Understanding Depth of Field in Photography

 

Excerpt:

..."Depth of field is the range of distance within the subject that is acceptably sharp. The depth of field varies depending on camera type, aperture and focusing distance, although print size and viewing distance can influence our perception of it. This section is designed to give a better intuitive and technical understanding for photography, and provides a depth of field calculator to show how it varies with your camera settings.

 

Depth of Field Example Image Depth of Field

 

The depth of field does not abruptly change from sharp to unsharp, but instead occurs as a gradual transition. In fact, everything immediately in front of or in back of the focusing distance begins to lose sharpness-- even if this is not perceived by our eyes or by the resolution of the camera.

CIRCLE OF CONFUSION

 

Circle of Confusion Diagram

 

Since there is no critical point of transition, a more rigorous term called the "circle of confusion" is used to define how much a point needs to be blurred in order to be perceived as unsharp. When the circle of confusion becomes perceptible to our eyes, this region is said to be outside the depth of field and thus no longer "acceptably sharp." The circle of confusion above has been exaggerated for clarity; in reality this would be only a tiny fraction of the camera sensor's area.

 

Visualization: Circle of Confusion

 

When does the circle of confusion become perceptible to our eyes? An acceptably sharp circle of confusion is loosely defined as one which would go unnoticed when enlarged to a standard 8x10 inch print, and observed from a standard viewing distance of about 1 foot.
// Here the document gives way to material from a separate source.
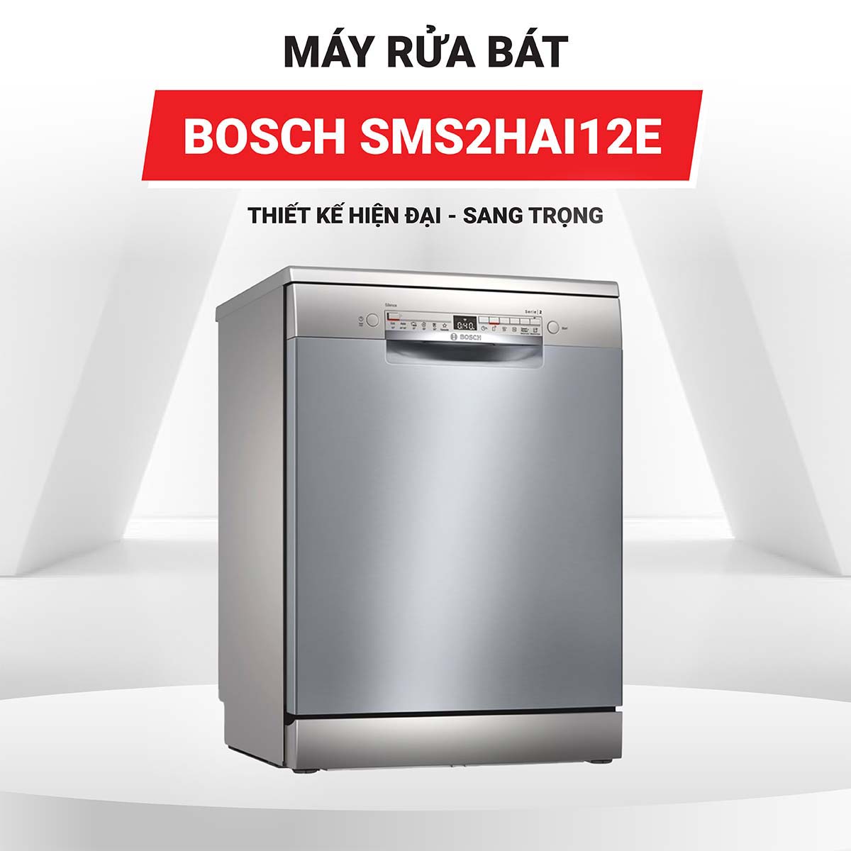 Máy rửa chén độc lập Bosch SMS2HAI12E thiết kế gọn đẹp, sức chứa lớn với chén bát cho 3 – 4 bữa ăn Việt, 6 chương trình rửa tùy chọn, rửa sạch và đảm bảo an toàn với công nghệ rửa nước nóng, tính năng Aquastop, hẹn giờ đến 24 tiếng, điều khiển bằng Home connect qua điện thoại và nhiều tính năng tiện dụng khác mà bạn chắc chắn nên chọn mua sản phẩm này để từ từ khám phá những lợi ích thiết thực mà máy đem lại.

Depth of Field Markers on a Lens At this viewing distance and print size, camera manufactures assume a circle of confusion is negligible if no larger than 0.01 inches (when enlarged). As a result, camera manufacturers use the 0.01 inch standard when providing lens depth of field markers (shown below for f/22 on a 50mm lens). In reality, a person with 20-20 vision or better can distinguish features 1/3 this size or smaller, and so the circle of confusion has to be even smaller than this to achieve acceptable sharpness throughout.

 

A different maximum circle of confusion also applies for each print size and viewing distance combination. In the earlier example of blurred dots, the circle of confusion is actually smaller than the resolution of your screen for the two dots on either side of the focal point, and so these are considered within the depth of field. Alternatively, the depth of field can be based on when the circle of confusion becomes larger than the size of your digital camera's pixels.

 

Note that depth of field only sets a maximum value for the circle of confusion, and does not describe what happens to regions once they become out of focus. These regions also called "bokeh," from Japanese (pronounced bo-ké). Two images with identical depth of field may have significantly different bokeh, as this depends on the shape of the lens diaphragm. In reality, the circle of confusion is usually not actually a circle, but is only approximated as such when it is very small. When it becomes large, most lenses will render it as a polygonal shape with 5-8 sides.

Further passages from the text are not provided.